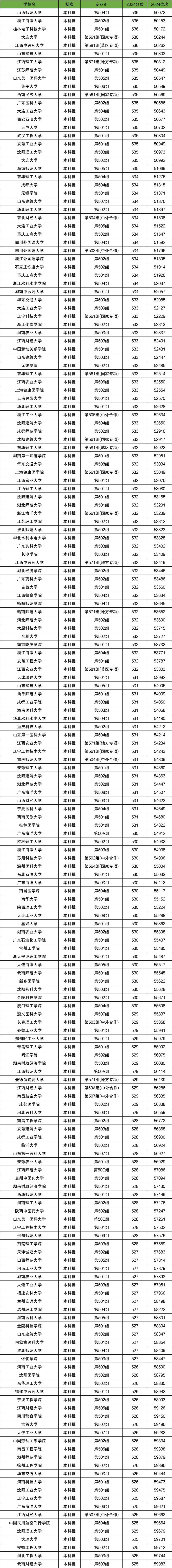 1、536分对应位次50072-50262。有山西师范大学、浙江海洋大学、桂林电子科技大学、大连大学、江西中医药大学。
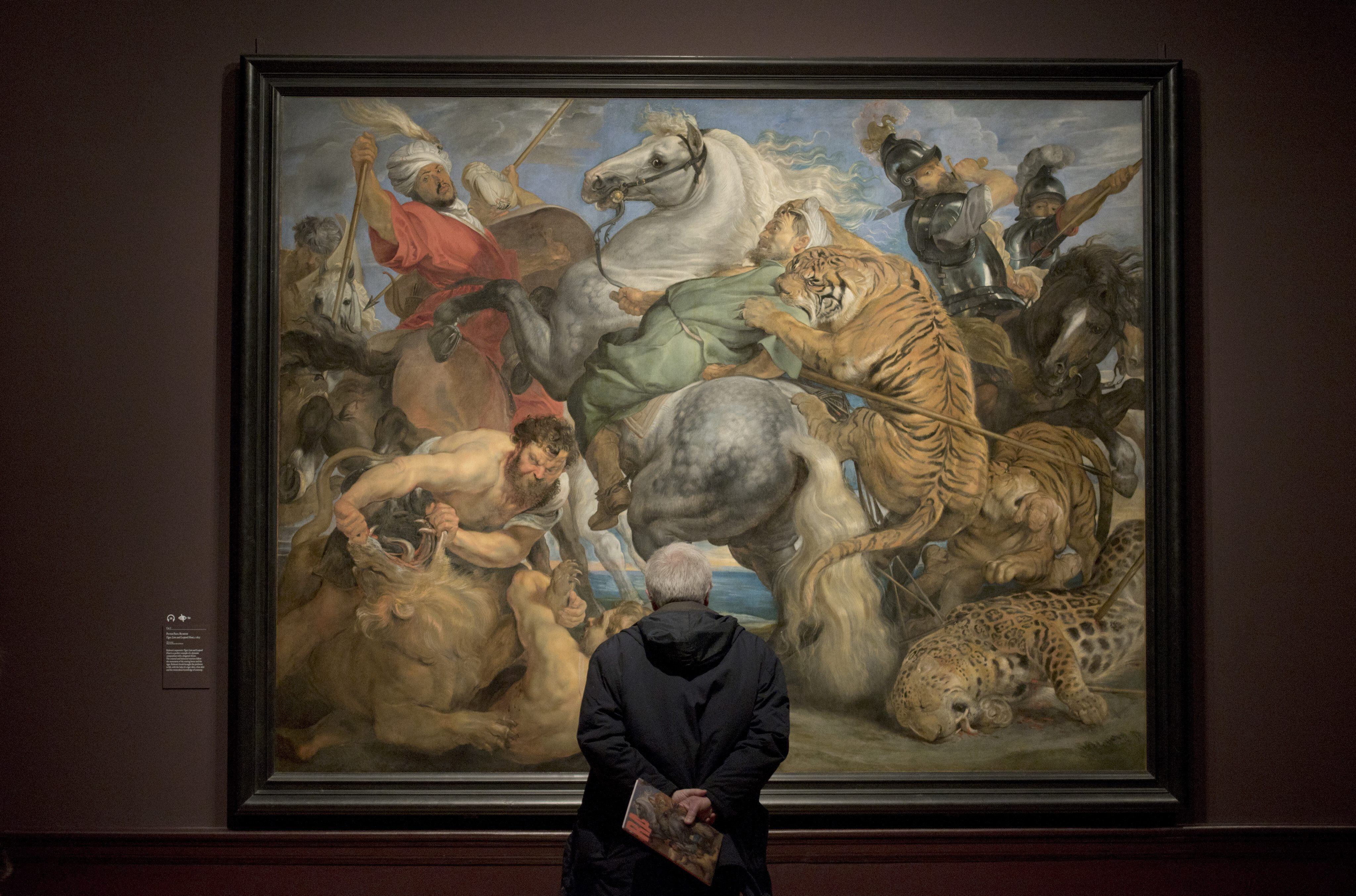 Un hombre contempla la obra "La caza del tigre" (1615-1616) del pintor flamenco barroco Peter Paul Rubens, que forma parte de una exposición en la Real Academia de las Artes de Londres (Will Oliver/EFE)
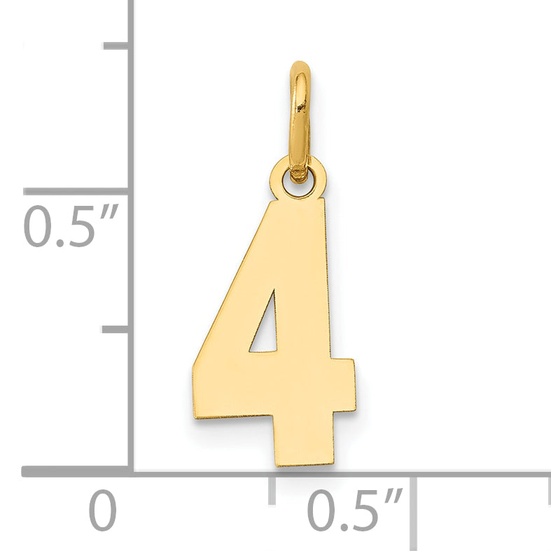 Introducing our 14k Yellow Gold Small Polished Number 4 Charm - a must-have in fine jewelry! Crafted precisely with 14K purity gold, boasting a polished finish which shines in any light. Designed with a sleek 14.34-mm length and 7.11-mm width, it's the perfect piece to make your charm collection unique. Every detail of this charm shouts elegance, down to its laser-cut manufacturing process ensuring meticulous detail. Stand out with this number 4 charm, sold as a single unit, this piece is excellent for those seeking a small, yet impactful style upgrade. Turn heads with this striking 14k Yellow Gold Small Polished Number 4 Charm!
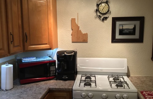 There is an apartment-sized washer and dryer with laundry pods and dryer sheets, a microwave and toaster, a fully-stocked kitchen including dishes, pots/pans, and a stove/oven. Spices, oils, salt and pepper, etc. are in the cupboard for you. There is a regular coffee pot and Keurig with a variety of drink pods included!
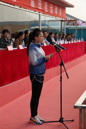 在全体师生高唱《义勇军进行曲》过后,副院长王喜魁致开幕词。他指出,我校第一届田径运动会的举办,是学校在圆满完成转设更名工作后,对全校体育文化发展和师生精神风貌的一次大检阅,也是对全体运动员身体素质、协作精神、竞技水平的综合考验。他希望全体运动员发扬奥运精神,拼搏进取、奋发勇为,赛出道德风尚、赛出竞技水平、赛出个性风采、赛出团结友谊;希望大会工作人员、全体裁判员坚持公平公正、实事求是的评判原则,恪守比赛规程、尽职尽责、公正裁判、热情服务,为各项竞赛顺利进行营造良好的工作氛围,努力把本届运动会办成“文明、团结、和谐、友谊”的盛会!随后,运动员代表牟菲同学和总裁判长梁新鑫老师分别登上主席台宣誓,表达了顽强拼搏和公正裁决、确保赛会圆满成功的决心。
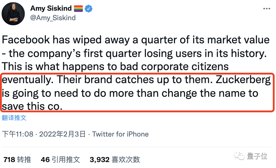 大概谁也料想不到,Facebook母公司更名Meta后首份财报发布,应声而来的竟是美国公司有史以来最大单日市值损失——
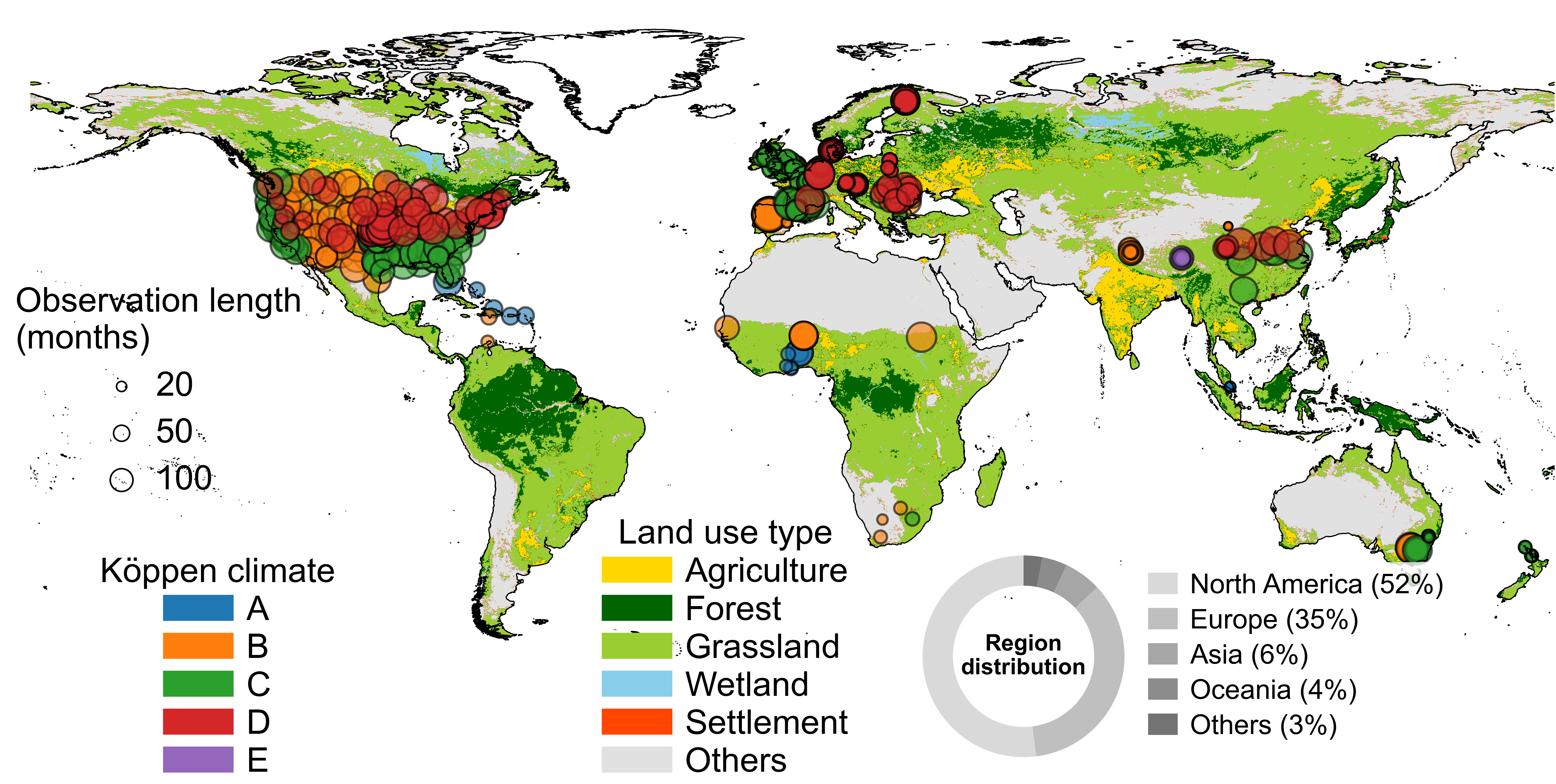 图1:本研究采用的全球992个ISMN地面观测站点空间分布
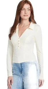 GUESS BLUZKA Z MARSZCZENIAMI I KOŁNIERZYKIEM DOPASOWANA L 2CA
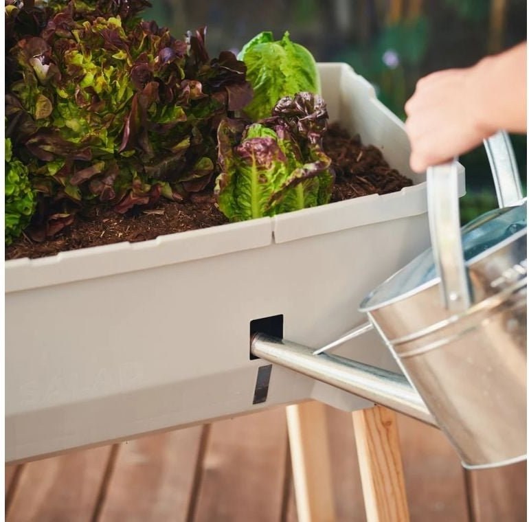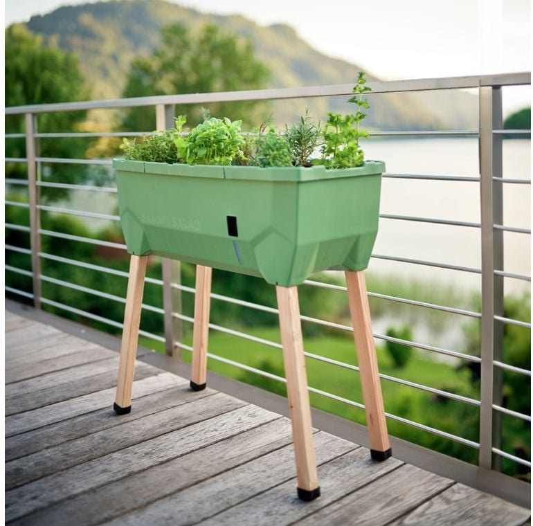 Sammy Salad je inovatívny vyvýšený záhon, ktorý sa dodáva s nádržou na vodu a bez krytu. Umožňuje produkciu lahodných zelených listov počas celého obdobia od jari do jesene. Rozmanitosť a chuťové možnosti sú prakticky neobmedzené, od tradičných až po nové a vzrušujúce chute. Či už dávate prednosť jemne orechovému alebo aromatickému a pikantnému šalátu, Sammy Salad určite uspokojí všetkých milovníkov šalátov. S týmto šikovným vyvýšeným záhonom nebolo pestovanie vlastnej zelene nikdy jednoduchšie bez ohľadu na ročné obdobie. So šalátom Sammy Salad je záhradkárčenie hračkou -od hlávkového šalátu a listovej zeleniny až po bylinky.V medziposchodí sa nachádza nádrž na vodu s objemom 15 l. Vďaka tomu rastliny dostanú ideálne množstvo vody bez obáv z premokrenia. Plniaci otvor a okienko na sledovanie hladiny vody sú navrhnuté špeciálne pre potreby vašich rastlín, čo uľahčuje starostlivosť o ne. Sammy Salad je nielen vizuálne príťažlivý, ale aj vysoko funkčný. Dodáva sa už zmontovaný a pripravený na výsadbu, čo si vyžaduje len niekoľko jednoduchých krokov. Budete tiež potrebovať40 litrov zeminy a vami preferované semená alebo sadenice.

────────────────────

WORK REQUEST
In repeating the lines above, keep the wording exact and leave every picture out.

OUTPUT OF THE TASK
 1、536分对应位次50072-50262。有山西师范大学、浙江海洋大学、桂林电子科技大学、大连大学、江西中医药大学。
 Un hombre contempla la obra "La caza del tigre" (1615-1616) del pintor flamenco barroco Peter Paul Rubens, que forma parte de una exposición en la Real Academia de las Artes de Londres (Will Oliver/EFE)
 Introducing our 14k Yellow Gold Small Polished Number 4 Charm - a must-have in fine jewelry! Crafted precisely with 14K purity gold, boasting a polished finish which shines in any light. Designed with a sleek 14.34-mm length and 7.11-mm width, it's the perfect piece to make your charm collection unique. Every detail of this charm shouts elegance, down to its laser-cut manufacturing process ensuring meticulous detail. Stand out with this number 4 charm, sold as a single unit, this piece is excellent for those seeking a small, yet impactful style upgrade. Turn heads with this striking 14k Yellow Gold Small Polished Number 4 Charm!
 There is an apartment-sized washer and dryer with laundry pods and dryer sheets, a microwave and toaster, a fully-stocked kitchen including dishes, pots/pans, and a stove/oven. Spices, oils, salt and pepper, etc. are in the cupboard for you. There is a regular coffee pot and Keurig with a variety of drink pods included!
 在全体师生高唱《义勇军进行曲》过后,副院长王喜魁致开幕词。他指出,我校第一届田径运动会的举办,是学校在圆满完成转设更名工作后,对全校体育文化发展和师生精神风貌的一次大检阅,也是对全体运动员身体素质、协作精神、竞技水平的综合考验。他希望全体运动员发扬奥运精神,拼搏进取、奋发勇为,赛出道德风尚、赛出竞技水平、赛出个性风采、赛出团结友谊;希望大会工作人员、全体裁判员坚持公平公正、实事求是的评判原则,恪守比赛规程、尽职尽责、公正裁判、热情服务,为各项竞赛顺利进行营造良好的工作氛围,努力把本届运动会办成“文明、团结、和谐、友谊”的盛会!随后,运动员代表牟菲同学和总裁判长梁新鑫老师分别登上主席台宣誓,表达了顽强拼搏和公正裁决、确保赛会圆满成功的决心。
 大概谁也料想不到,Facebook母公司更名Meta后首份财报发布,应声而来的竟是美国公司有史以来最大单日市值损失——
 图1:本研究采用的全球992个ISMN地面观测站点空间分布
 GUESS BLUZKA Z MARSZCZENIAMI I KOŁNIERZYKIEM DOPASOWANA L 2CA
 Sammy Salad je inovatívny vyvýšený záhon, ktorý sa dodáva s nádržou na vodu a bez krytu. Umožňuje produkciu lahodných zelených listov počas celého obdobia od jari do jesene. Rozmanitosť a chuťové možnosti sú prakticky neobmedzené, od tradičných až po nové a vzrušujúce chute. Či už dávate prednosť jemne orechovému alebo aromatickému a pikantnému šalátu, Sammy Salad určite uspokojí všetkých milovníkov šalátov. S týmto šikovným vyvýšeným záhonom nebolo pestovanie vlastnej zelene nikdy jednoduchšie bez ohľadu na ročné obdobie. So šalátom Sammy Salad je záhradkárčenie hračkou -od hlávkového šalátu a listovej zeleniny až po bylinky.V medziposchodí sa nachádza nádrž na vodu s objemom 15 l. Vďaka tomu rastliny dostanú ideálne množstvo vody bez obáv z premokrenia. Plniaci otvor a okienko na sledovanie hladiny vody sú navrhnuté špeciálne pre potreby vašich rastlín, čo uľahčuje starostlivosť o ne. Sammy Salad je nielen vizuálne príťažlivý, ale aj vysoko funkčný. Dodáva sa už zmontovaný a pripravený na výsadbu, čo si vyžaduje len niekoľko jednoduchých krokov. Budete tiež potrebovať40 litrov zeminy a vami preferované semená alebo sadenice.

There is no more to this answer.